Your max_length is set to 1000 ...
警告消息如下:
Your max_length is set to 1000, but you input_length is only 856. You might consider decreasing max_length manually, e.g. summarizer(‘…’, max_length=428)

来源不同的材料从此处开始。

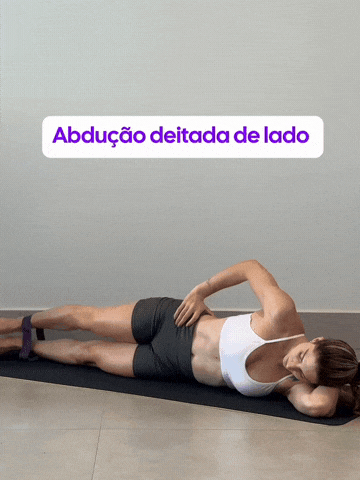 → 呼气抬腿,用臀中肌的力量把上侧腿向上抬起,膝盖朝向正前方。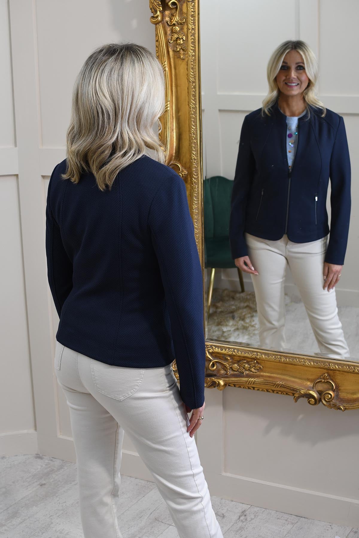 Barbara Lebek Navy Textured Zip-Up Jacket -85090052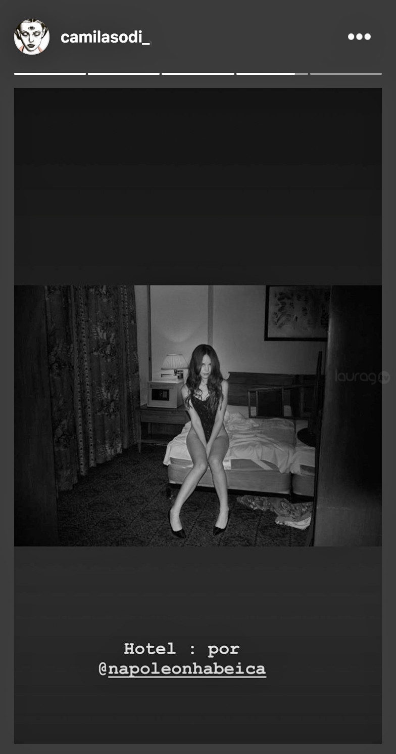 En la imagen aparece Camila sobre una mesa, puesta al revés encima de una cama.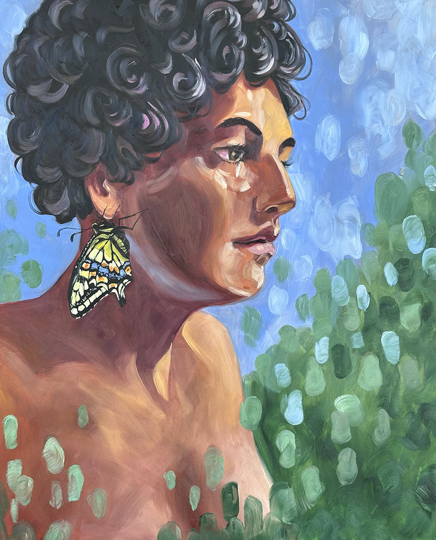 • Lacey Bryant is a painter based in the San Francisco Bay Area, where she works from her studio almost every day. Her evocative oil paintings explore quiet, haunting narratives that unfold between her subjects. Blending nostalgic sweetness with hints of darkness and mystery, her work invites viewers into a surreal world just beyond the familiar.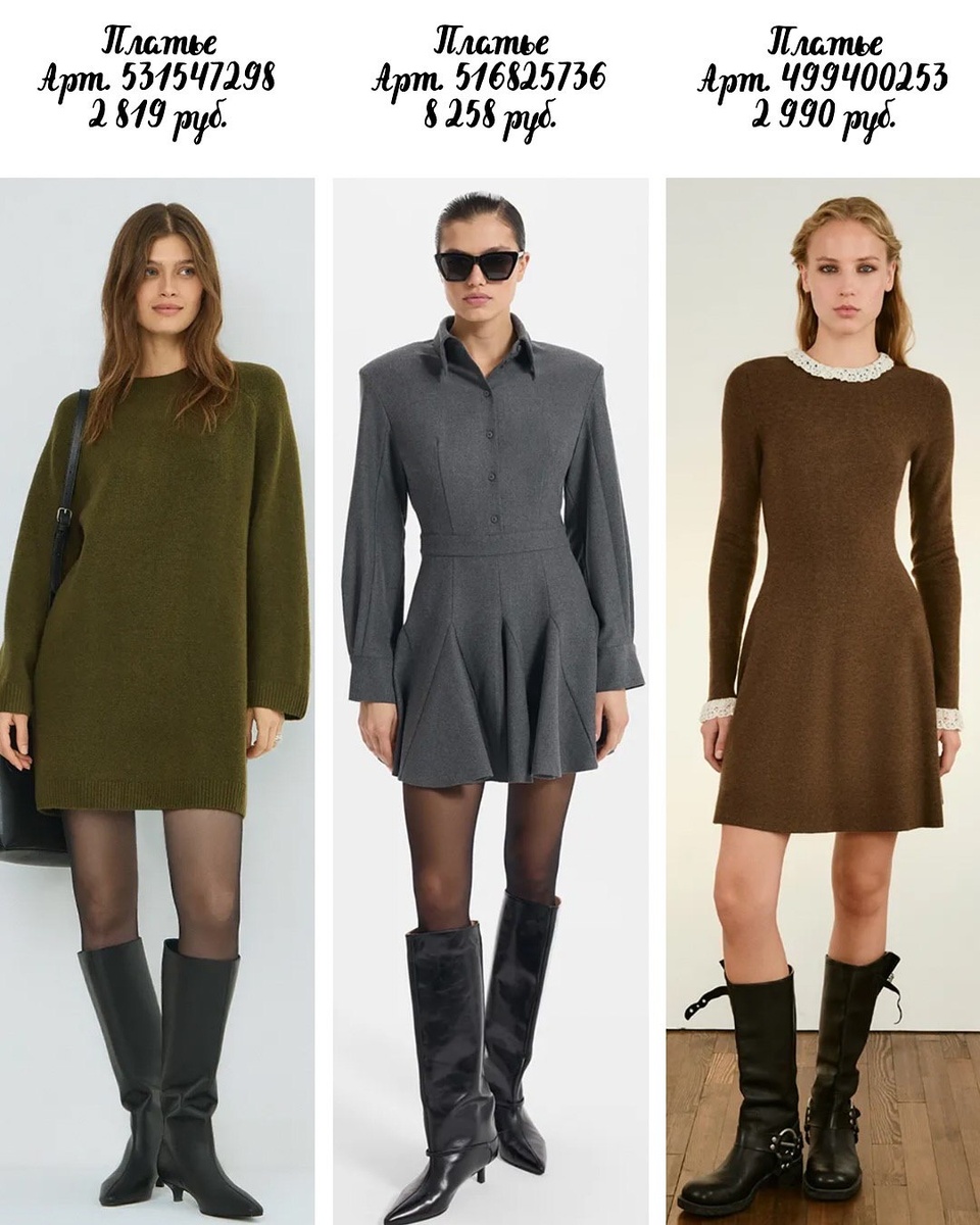 - Выходной с характером: платье № 2 или № 6 + высокие сапоги + структурная сумка.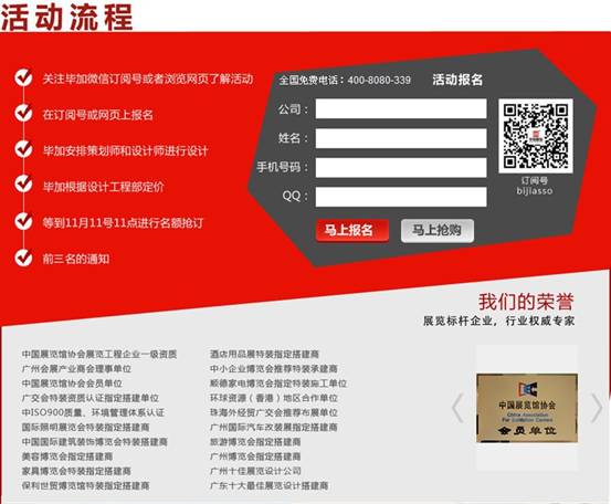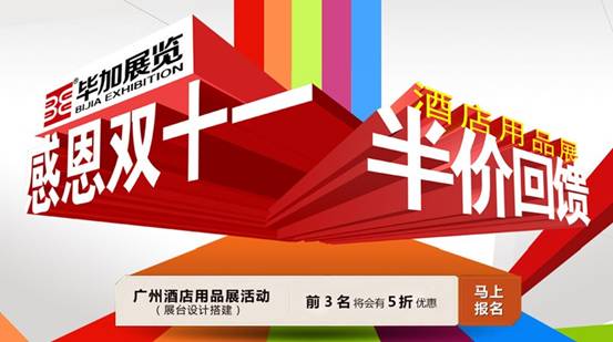 十一月是感恩的日子,為了回饋廣大新老客戶對我司的支持和厚愛,畢加展覽特推出酒店用品展展臺半價回饋客戶活動。只要您現(xiàn)在報名聯(lián)系我們,并在11月11日11時開始的活動中搶到前3位簽訂合同名額,您就可以獲得展臺半價的優(yōu)惠。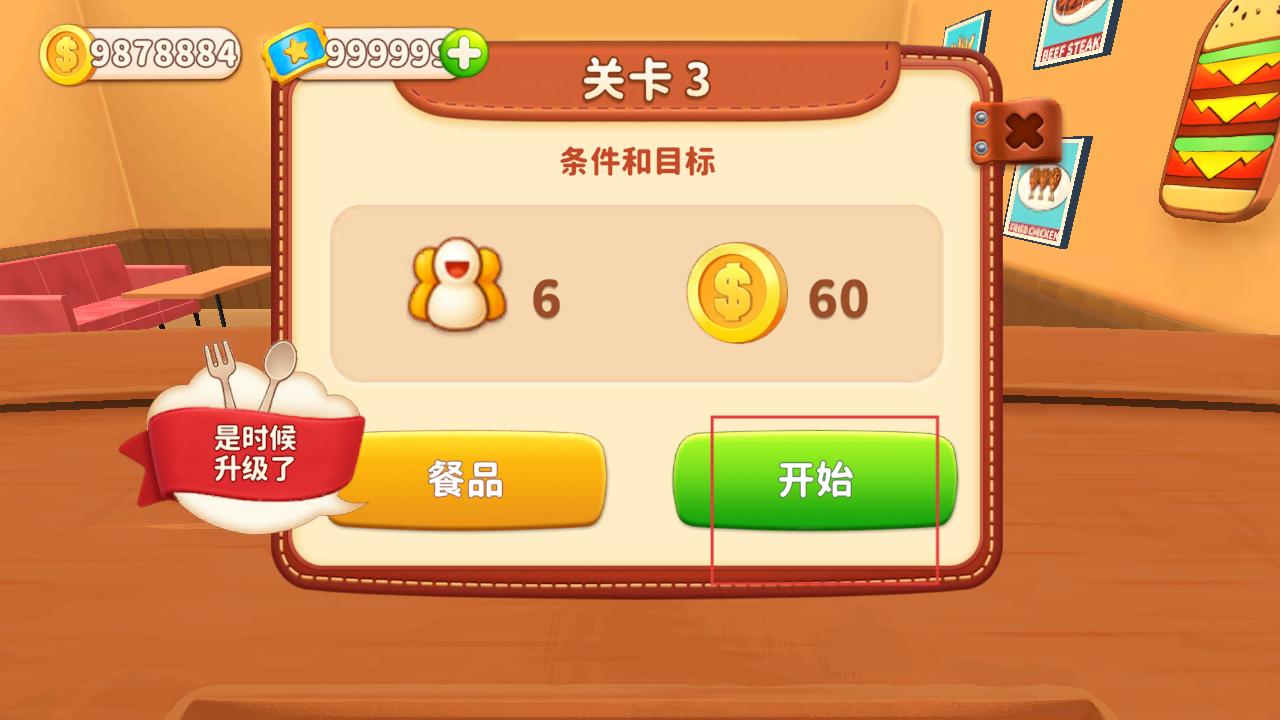 3、在關卡3界面,查看條件和目標后,點擊開始按鈕,即可進入快節(jié)奏的料理挑戰(zhàn),開始服務顧客,考驗烹飪技巧與反應能力。
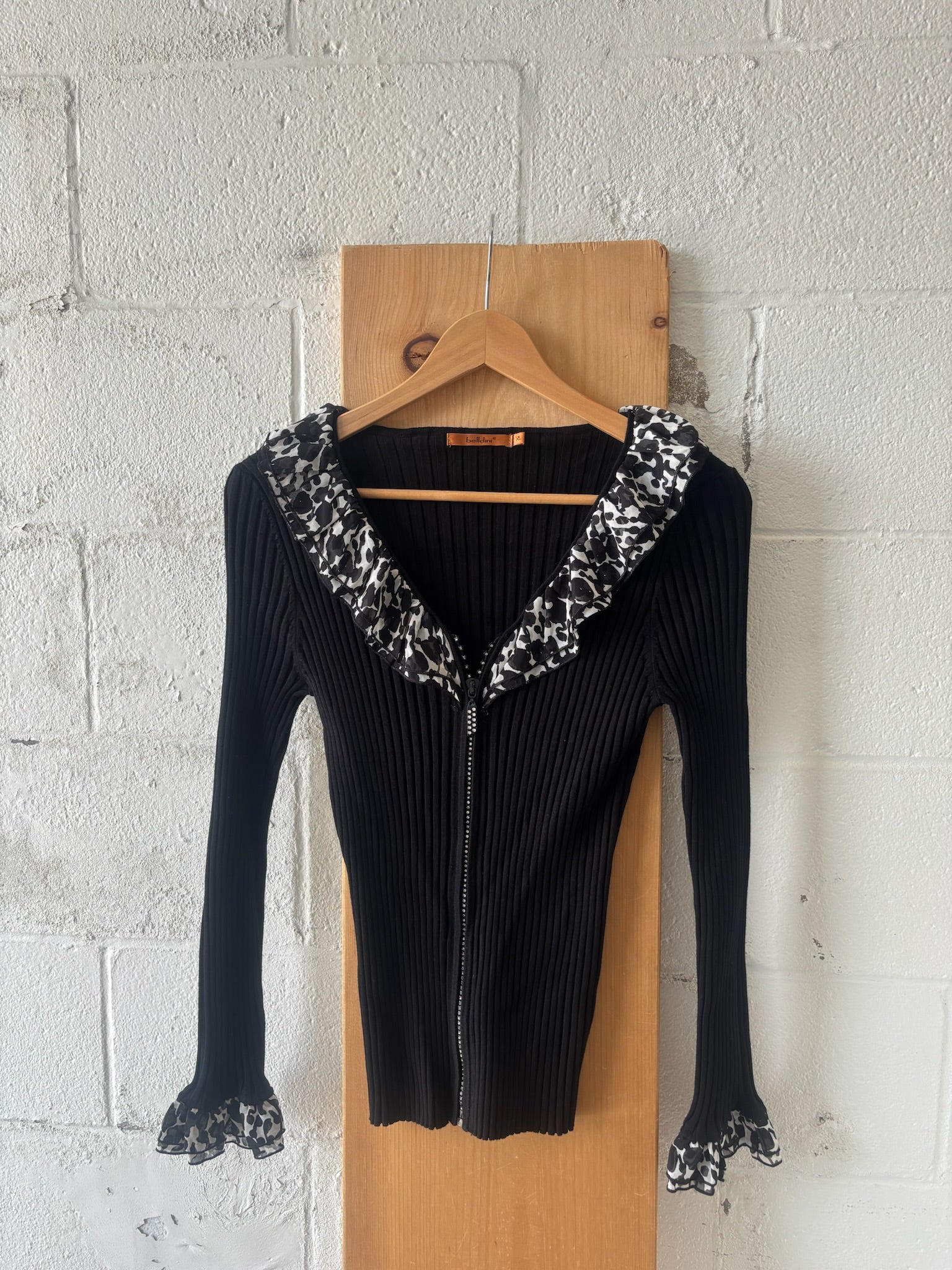 Ruffle Trim Zip Up Top : XL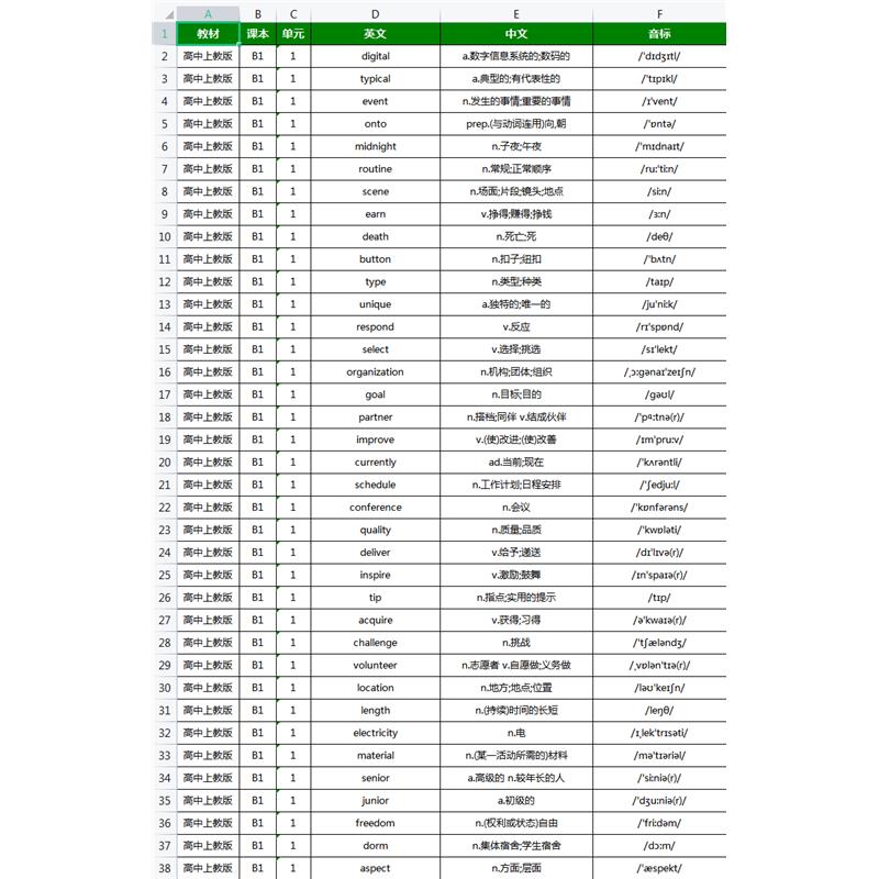 新上海沪教版高中英语单词默写表正乱序选择性必修一二三四电子版
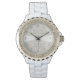 A Digitalbcon Images Design avec une couleur de perle satinée et un thème de design damassé avec une variété d'images, de formes, de motifs, de styles et de polices personnalisées dans cette unique "Damask Pearl Mariage Anniversary" Watch. Ce design attrayant et élégant est livré avec des lettres de texte personnalisables et contrastant face de numéro d'heure noire et fait le cadeau parfait pour le couple d'anniversaire ou à votre conjoint en cette occasion mémorable.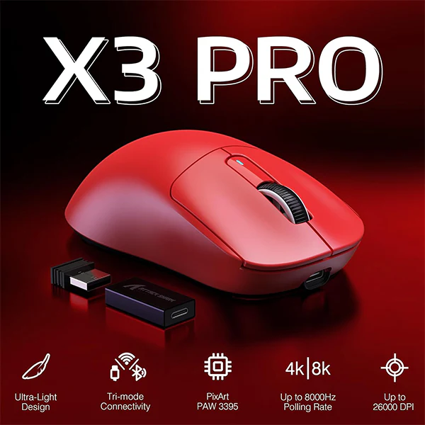 Souris Gaming ATTACK SHARK X3 (Red) – Ultra Légère 49g

让我们首先尝试将输入放入模型中,并查看其输出的token数量(无管道)
【验证码】:
[stderr]:
[stdout]:
ChatGPT是一种引擎,最终将以熟悉,自然和直观的方式为人类与计算机系统的交互提供动力。微软是OpenAI的投资者,正在将ChatGPT集成到其Bing搜索引擎中。根据IDC和Bloomberg Intelligence的数据,2020年广泛的AI硬件和服务市场接近360亿美元。
检查令牌的输出数量:
[out]:
因此,该模型将800个子字标记输入汇总为由343个字符组成的73个子字的输出
不知道你是怎么得到2k+ chars的输出的,所以让我们试试pipeline。
【验证码】:
[out]:
检查输出的大小:
[out]:
这与我们如何使用没有管道的模型,343个字符的摘要是一致的。
Q:是不是不用设置
max_new_tokens
了?是的,你不需要做任何事情,因为摘要已经比输入文本短了。
Q:设置
max_new_tokens
有什么作用?我们知道默认的输出摘要给了我们73个token。让我们试着看看如果我们把它设置为30个token会发生什么!
[stderr]:
啊哈,有一个最小长度,模型希望输出为摘要!
所以让我们试着把它设置为60
[out]:
我们看到现在汇总输出比默认输出73短,符合我们设置的60 max_new_tokens限制。
如果我们检查
print(len(outputs[0]))
,我们会得到61个子单词标记,max_new_tokens中的另一个标记是用于解释句子结束符号。如果打印outputs
,您会看到第一个标记id是2,由</s>
标记表示。当您指定
skip_special_tokens=True
时,它将删除</s>
标记,以及句子开始标记<s>
。Q4:min_length和max_length实际上是如何工作的(它似乎没有遵循给定的限制)?
在上面的例子中,
min_length
实际上很难确定,因为模型必须决定获得良好摘要输出所需的最小子字标记。还记得Unfeasible length constraints: the minimum length (56) ...
警告吗?Q5:我实际上可以给予这个摘要器的最大输入是多少?
合理的
max_length
或更恰当的max_new_tokens
最有可能低于您的输入长度,如果有某种UI限制或计算/延迟限制,最好将其保持在低水平并接近所需的任何长度。也就是说,要设置
max_new_tokens
,只需确保它低于输入文本中的token数量,并且对您的应用程序足够敏感。如果您想知道一个大致的数量,请尝试不设置限制的模型,看看汇总输出是否是您期望的模型行为,然后进行适当的调整。如烹饪时的调味料,***“根据需要添加/减少
max_new_tokens
”***Q3:在上述2211个字符中,前933个字符是来自文本的有效内容,但随后会发布文本,如...
当将min_length设置为某个任意大的数字时,远大于模型的默认输出,即73个子字,
它就会警告你,
[sterr]:
它会开始产生幻觉,超过前300个子词标记。可能,模型认为超过300个子词,输入文本中的其他内容都不重要。
输出类似于:
问:为什么模型开始产生超过300个子词的幻觉?
很好的问题,也是一个活跃的研究领域,请参阅https://aclanthology.org/2022.naacl-main.387/,在该领域还有更多。
[意见]:就个人而言,Hunch说,这很可能是因为模型从文本中学习的大部分数据都是800多个子词,它训练的摘要长度在80-300个子词之间。训练数据点在摘要中有300-500个子词,它总是包含SOS帮助热线。因此,每当模型达到
min_length
〉300时,它就开始过拟合。为了证明这个猜测,尝试另一个随机的800多个子字的文本,然后再次将min_length设置为500,它很可能会再次幻觉SOS句子超过300个子字。